The least involving part of any 4X strategy is very often diplomacy with AI civilizations. Even Endless Legend 2, a game with a faction of coral people who can make other people like them by infesting their territory with spores, does settle into a formula. You make friends with other leaders forever or you define them as enemies and obliterate them. Maybe you grease the wheels by offering some minor nation a palmful of glowy rocks in return for passage through their lands.
Developers Amplitude are trying to give Endless Legend 2's diplomacy more consisting and flavour, however, by giving the world itself a memory. As of the game's latest update, you'll find it harder to cuddle up to other factions after spending 20 turns incinerating their dominions. Even worse, you might be permanently branded a Bully.
"Let's be honest: diplomacy in its previous form had a bit of a goldfish problem," reads a recent blog post by lead game designer Julien, who notes that opposing empires tend to be just as upset with you whether you've razed one city or swallowed half their realm. "The world had no sense of escalation, no memory," he goes on. "You could be the most relentless conqueror in the history of Saiadha and the other empires would essentially treat each act of aggression as if it were the first."
No more! From now on, habitual invaders will be punished via the awesome medium of badges, reflecting a permanent public opinion shift in the target civilisation. These are awarded when the game identifies a pattern in your behaviour. If you keep sending one faction compliments, you'll rejoice in the title of Pleasant, earning a 10+ public opinion modifier. If you keep refusing that faction's treaty offers, you'll be slapped with the label Hard Bargainer. If you attack the same civ five times in a row, you'll be identified as a Bully. If you take seven territories from that civ, you'll be known as a Colonizer, earning an especially severe -50 to public opinion.
"Badges don't appear out of nowhere they're preceded by a clear escalating sequence," the post goes on. "Every hostile category has 3 temporary tiers before the badge triggers. This gives you warning. It gives your diplomatic partners warning. And it means the decision to keep going is always a conscious one."
Amplitude's hope is that "aggressive play now has long-term diplomatic costs that can't simply be waited out", while being a peacenik will make "coalition-building, treaty renewals, and joint actions meaningfully easier". The updated diplomacy system thereby "rewards consistency and punishes patterns you didn't notice you were building". While initially, your badges will only be 'visible' to the civilisation you're befriending or bothering, the developers are considering making them public knowledge, resulting in a world that gradually "closes ranks" when you pick on any specific rival. Amplitude are also "working on expanding the range of diplomatic tools available new treaty/declaration types, and improvements to how AI leader archetypes respond to your behavior."

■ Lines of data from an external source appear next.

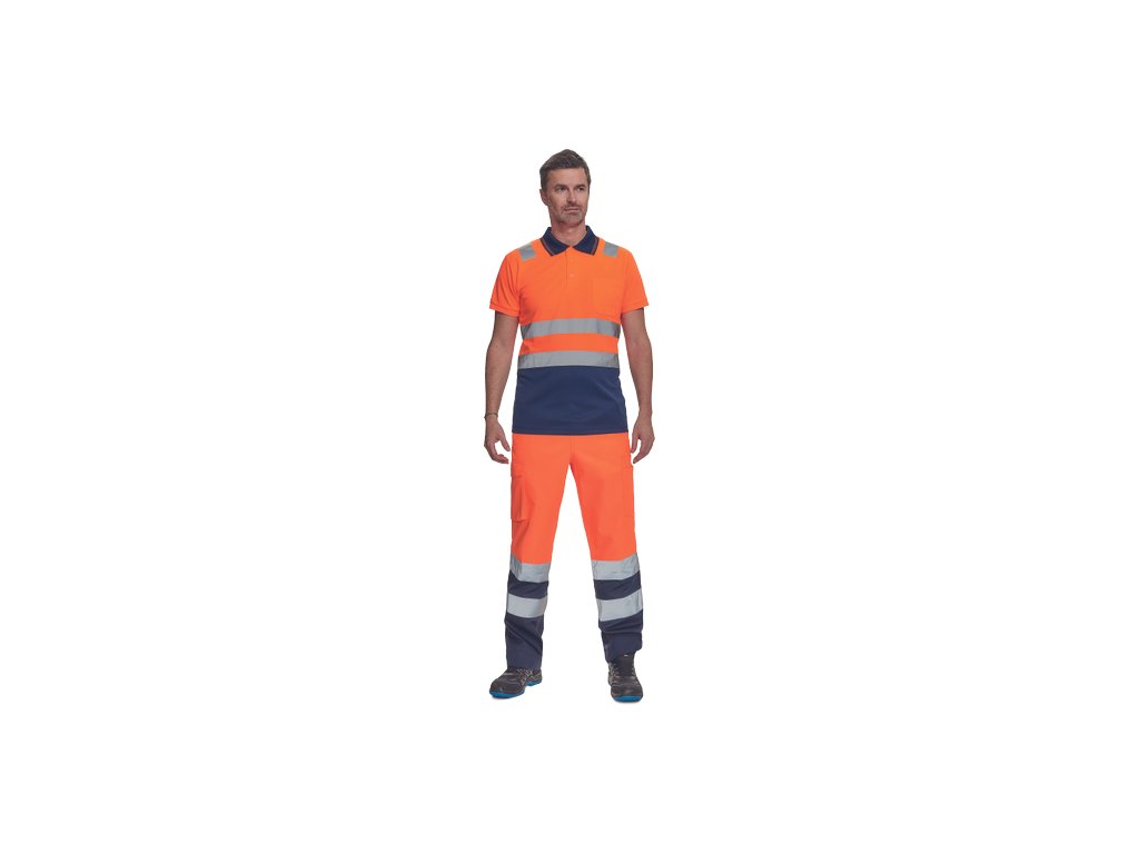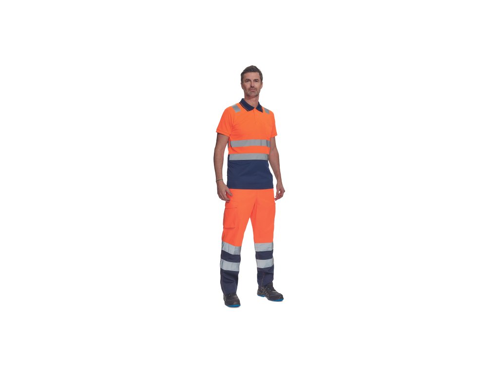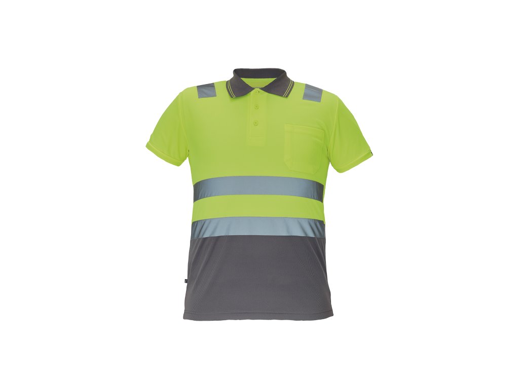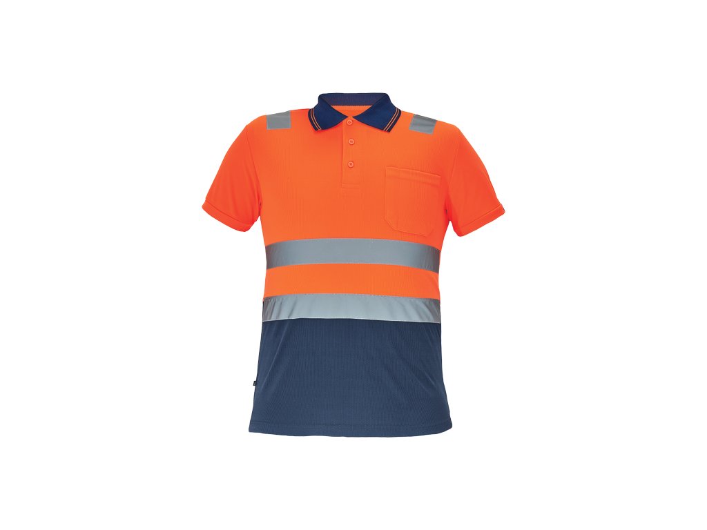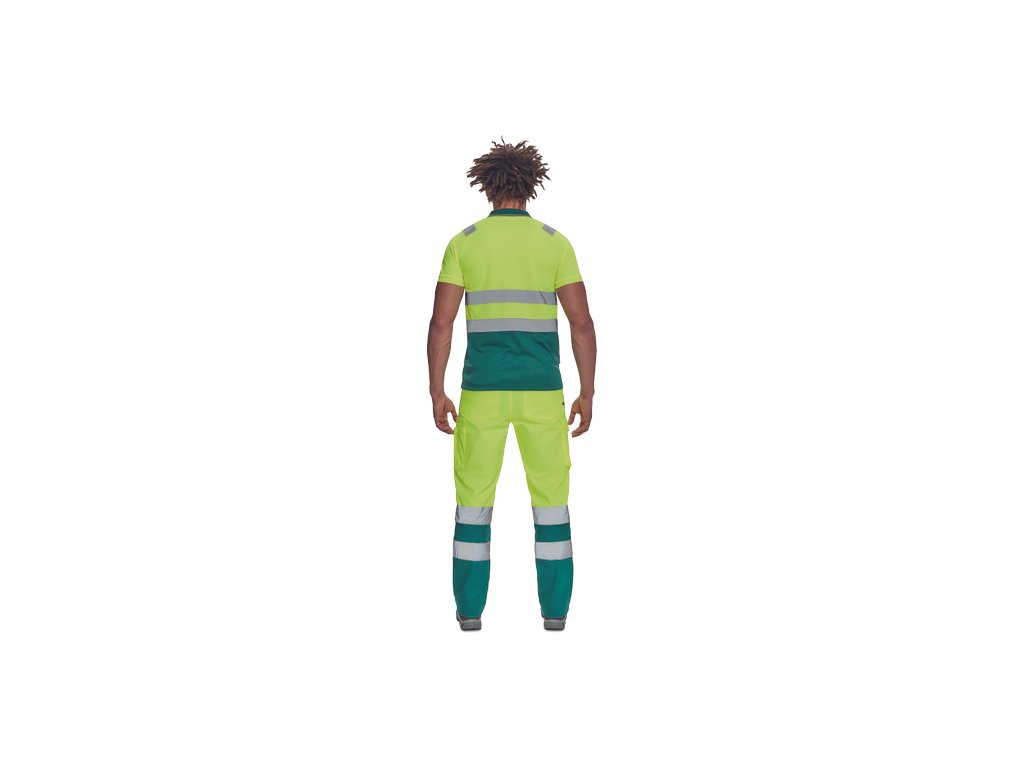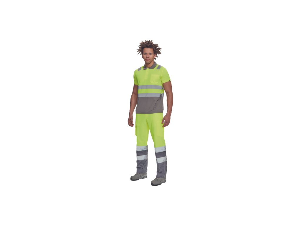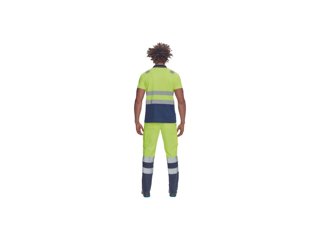 • pánská full HI-VIS polokošile s reflexními pruhy přes ramena a v bocích • zapínání na 3 knoflíky • 1 náprsní kapsička • žebrovaný límeček a lemy rukávů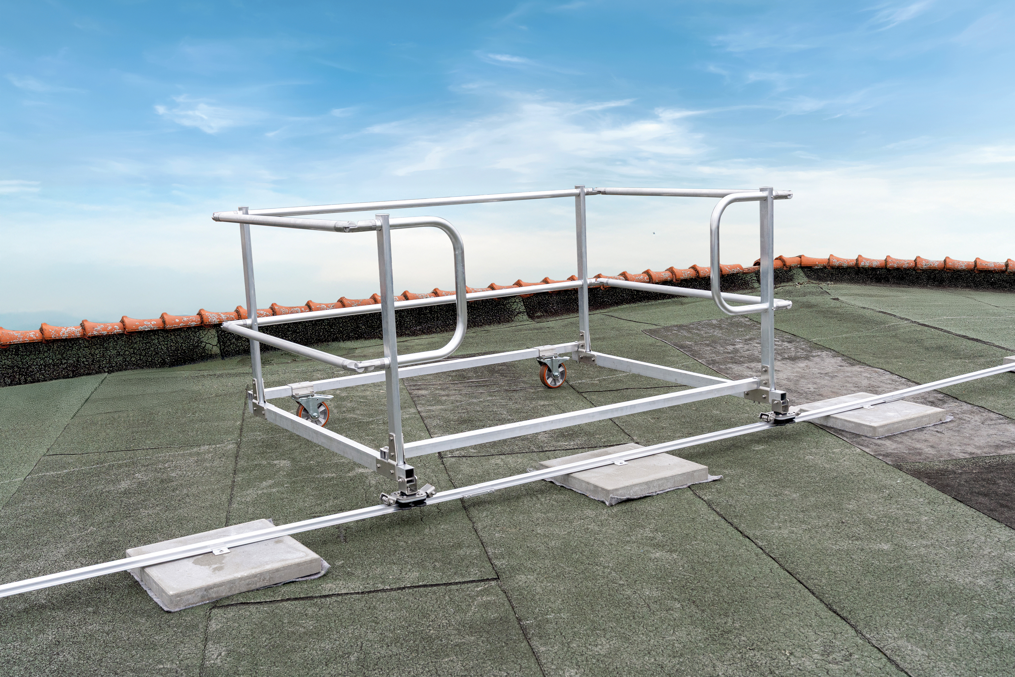 Die fahrbare Einheit entspricht der Norm DIN EN 13374:2019 – Klasse A und bietet somit höchste Sicherheit bei temporären Arbeiten auf dem Flachdach.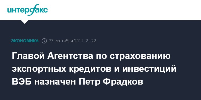 Главой Агентства по страхованию экспортных кредитов и инвестиций ВЭБ назначен Петр Фрадков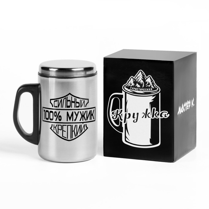 Термокружка, 250 мл, Сталь "100 % Мужик", сохраняет тепло 2 ч, 13. 5 х 7.5 см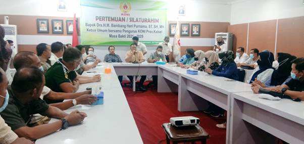 Banjarmasin, BARITO – Ketua Umum Komite Olahraga Nasional Indonesia (KONI) Kalsel, Bambang Heri Purnama, mengumumkan kepengurusan baru periode 2021-2025. Sekaligus melakukan silaturahmi seluruh pengurus, Selasa (9/2/2022) siang di Banjarmasin.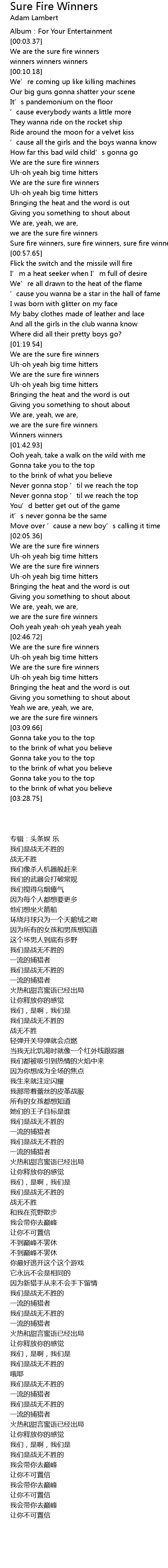 | [00:53.64] | Sure fire winners, sure fire winners, sure fire winners |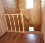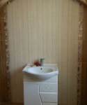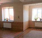 Имеется цокольный этаж с гаражом, бойлерной, кладовой и большой комнатой.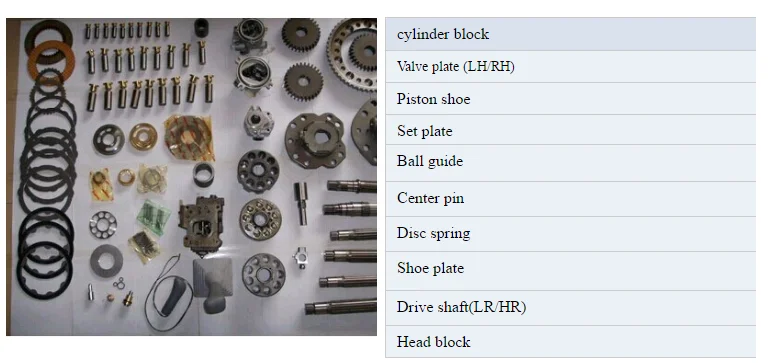 Hydraulic pump, Hydraulic spare parts, Travel motor, Swing motor, Travel gearbox, Swing gearbox, Main control valve, Hydraulic cylinder assy, Gear pump, Hydraulic motor, Swivel/Center Joint, Conversion kit, etc.

While making the badges permanent does feel sensible in terms of fostering clear-cut consequences, I do wonder whether they've looked at the idea of generational memory and differences of opinion. Maybe the youth among the neighbouring Kin of Sheredin take a harsher view of my lategame encroachments than their parents, who remember when I used to be a font of goodwill? Also, I want to be able to issue badges to other civs, and perhaps write my own. It could be an extension of the diplomatic process, even! Call ME "Hostile", would you? Well I'm going to label YOU a "Puny Little Pushover".
If either those ideas, or Amplitude's revised diplomacy system sound like too much fuss, there's an obvious way to simplify things: play Necrophage. Necrophage leaders aren't entirely oblivious to foreign public opinion, but they tend to be more preoccupied with what the other side's civilians taste like.